Data provided Block Start

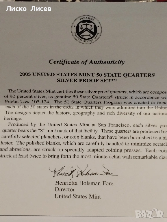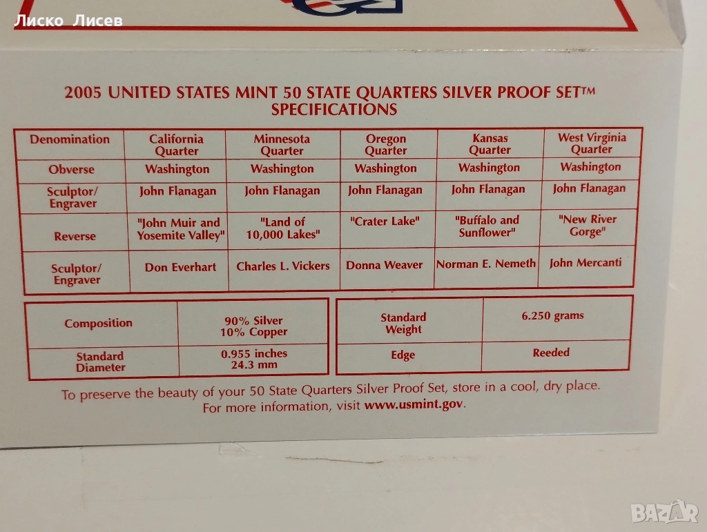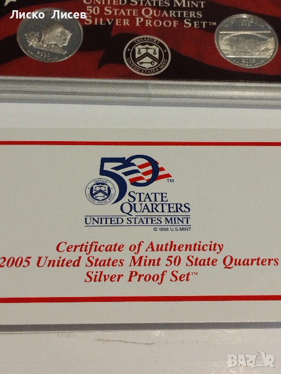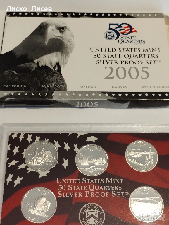 САЩ 2005г. комплект 5 броя сребърни 25 цента мат-гланц → Обява 53605563
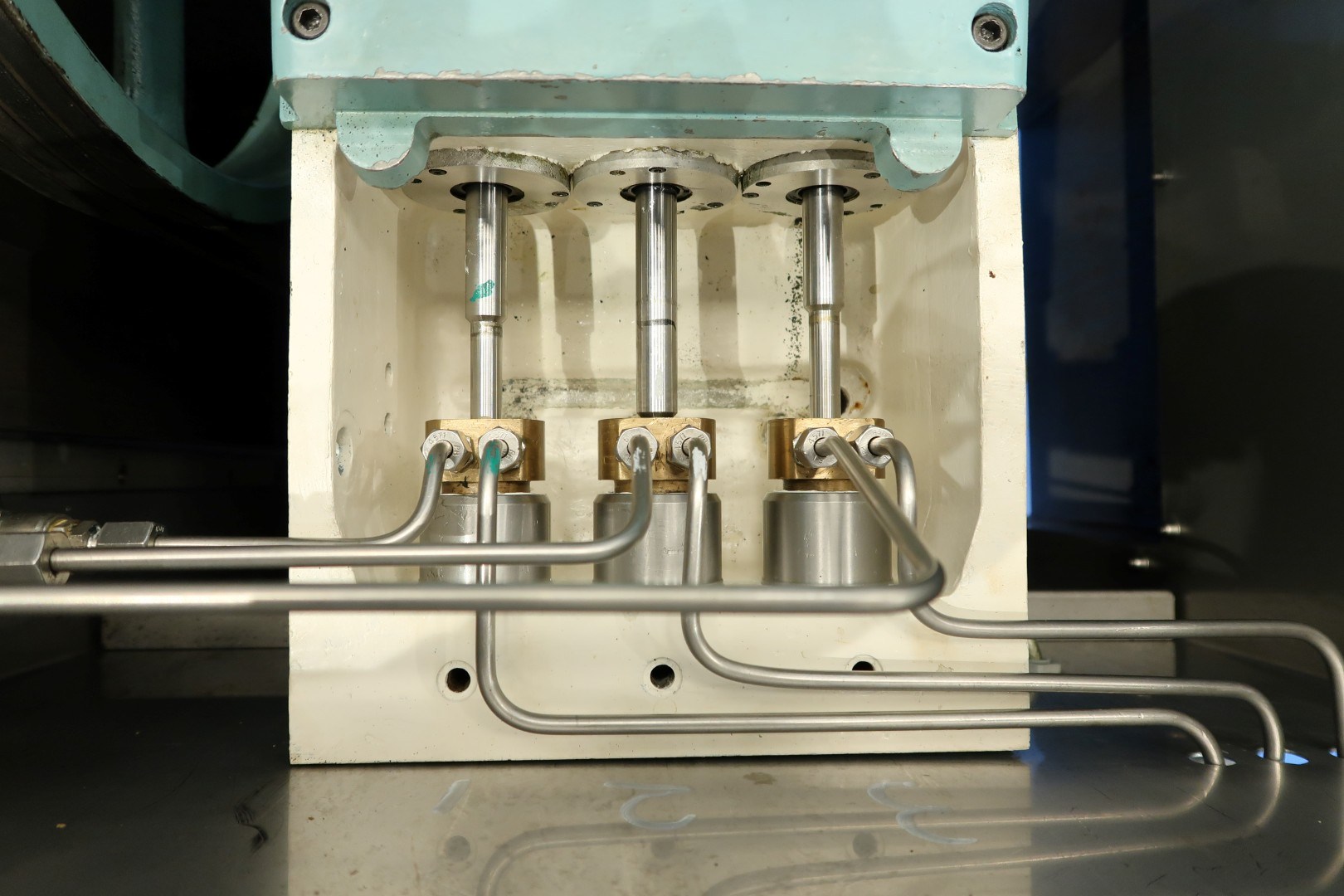 Pilot Homogenizer, laboratorium, 2 stage. Manual pressure control 1st and 2nd stage. Piston diameter 16 mm - stroke: 50 mm. With 2 pressure sensors, pressure indication via display. Motor: 4 kW - 8,2 A - 1.440 rpm. Operational contol panel with frequency convertor directly on frame. Speed manual adjustable via control panel and rpm indication via display 10-200ltr/h. pressure up to 375 bar. Documentation available. Total dimensions: 110x70x180 (lxwxh) cm - weight: 307 kg.
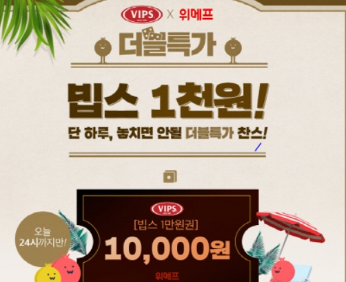 이른아침 위메프가 평일 주말관계 없이 빕스를 1000원에 먹을 수 있는 '더블특가'를 실시에 18일 포털을 달구고 있다..
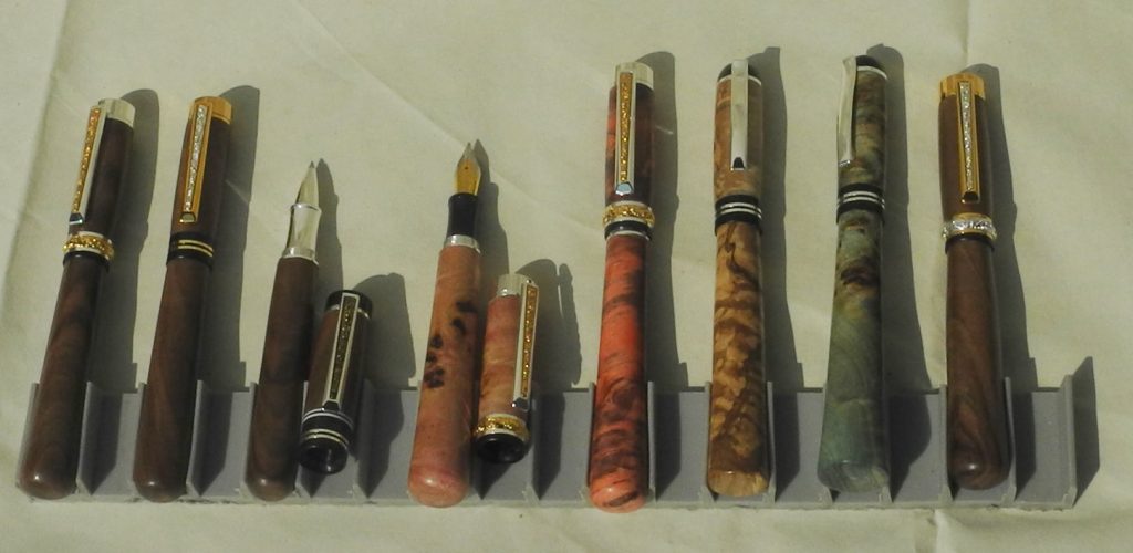 Holzarten: stabilisierte und teilweise gefärbte Maserhölzer
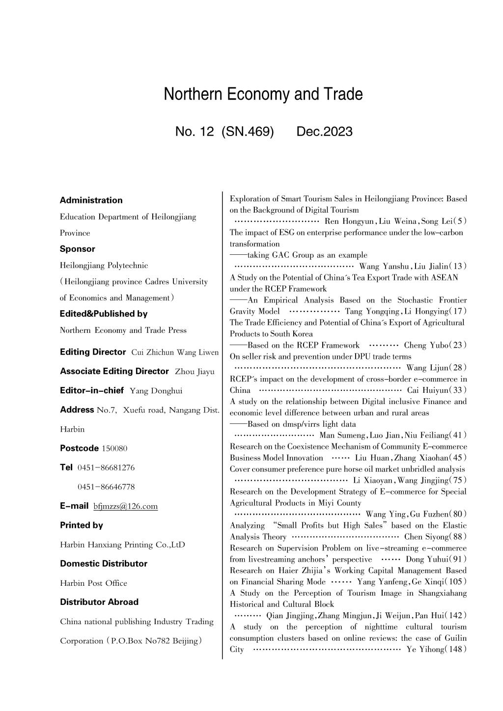《北方经贸》2023年十二月刊
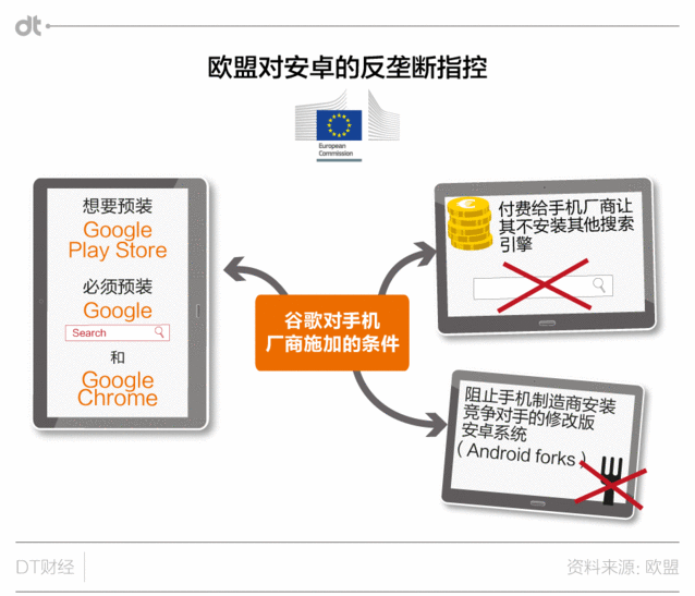 實(shí)在,一開始?xì)W盟成立調(diào)查組,就是為了避免案件像此前的微軟反壟斷案一樣,一拖就是十多年。歐盟起初但愿可以快速找到證據(jù),對谷歌進(jìn)行懲罰。但事到如今回頭看,歐盟顯然沒能實(shí)現(xiàn)愿望,如今案件也拖了近六年,而且終極仍是要靠正式訴訟來終結(jié)糾紛。 《逐日電訊報(bào)》的報(bào)道中,也引述分析人士稱,在多年的糾纏之后,谷歌已經(jīng)不想再繼承耗費(fèi)精力財(cái)力,也打算接受罰款終止案件。 歐盟放大招,歷數(shù)谷歌安卓系統(tǒng)的三大罪狀 那么歐盟這30億的罰款,畢竟是因?yàn)楣雀璧氖裁醋餇钅兀?/p>
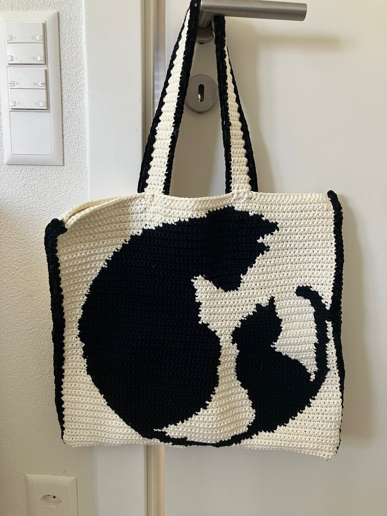 I found on pinterest the scheme to follow to make the image (I think it was a cross stitch pattern) and I followed it with crochet (not sure it was a good idea , but it almost worked). then I assembled the 2 panels and I added the handles

Data provided Block End

Required action - Leave every picture out, and transcribe the data above exactly as it reads.

Task output -
 САЩ 2005г. комплект 5 броя сребърни 25 цента мат-гланц → Обява 53605563
 Pilot Homogenizer, laboratorium, 2 stage. Manual pressure control 1st and 2nd stage. Piston diameter 16 mm - stroke: 50 mm. With 2 pressure sensors, pressure indication via display. Motor: 4 kW - 8,2 A - 1.440 rpm. Operational contol panel with frequency convertor directly on frame. Speed manual adjustable via control panel and rpm indication via display 10-200ltr/h. pressure up to 375 bar. Documentation available. Total dimensions: 110x70x180 (lxwxh) cm - weight: 307 kg.
 이른아침 위메프가 평일 주말관계 없이 빕스를 1000원에 먹을 수 있는 '더블특가'를 실시에 18일 포털을 달구고 있다..
 Holzarten: stabilisierte und teilweise gefärbte Maserhölzer
《北方经贸》2023年十二月刊
 實(shí)在,一開始?xì)W盟成立調(diào)查組,就是為了避免案件像此前的微軟反壟斷案一樣,一拖就是十多年。歐盟起初但愿可以快速找到證據(jù),對谷歌進(jìn)行懲罰。但事到如今回頭看,歐盟顯然沒能實(shí)現(xiàn)愿望,如今案件也拖了近六年,而且終極仍是要靠正式訴訟來終結(jié)糾紛。 《逐日電訊報(bào)》的報(bào)道中,也引述分析人士稱,在多年的糾纏之后,谷歌已經(jīng)不想再繼承耗費(fèi)精力財(cái)力,也打算接受罰款終止案件。 歐盟放大招,歷數(shù)谷歌安卓系統(tǒng)的三大罪狀 那么歐盟這30億的罰款,畢竟是因?yàn)楣雀璧氖裁醋餇钅兀?/p>
 I found on pinterest the scheme to follow to make the image (I think it was a cross stitch pattern) and I followed it with crochet (not sure it was a good idea , but it almost worked). then I assembled the 2 panels and I added the handles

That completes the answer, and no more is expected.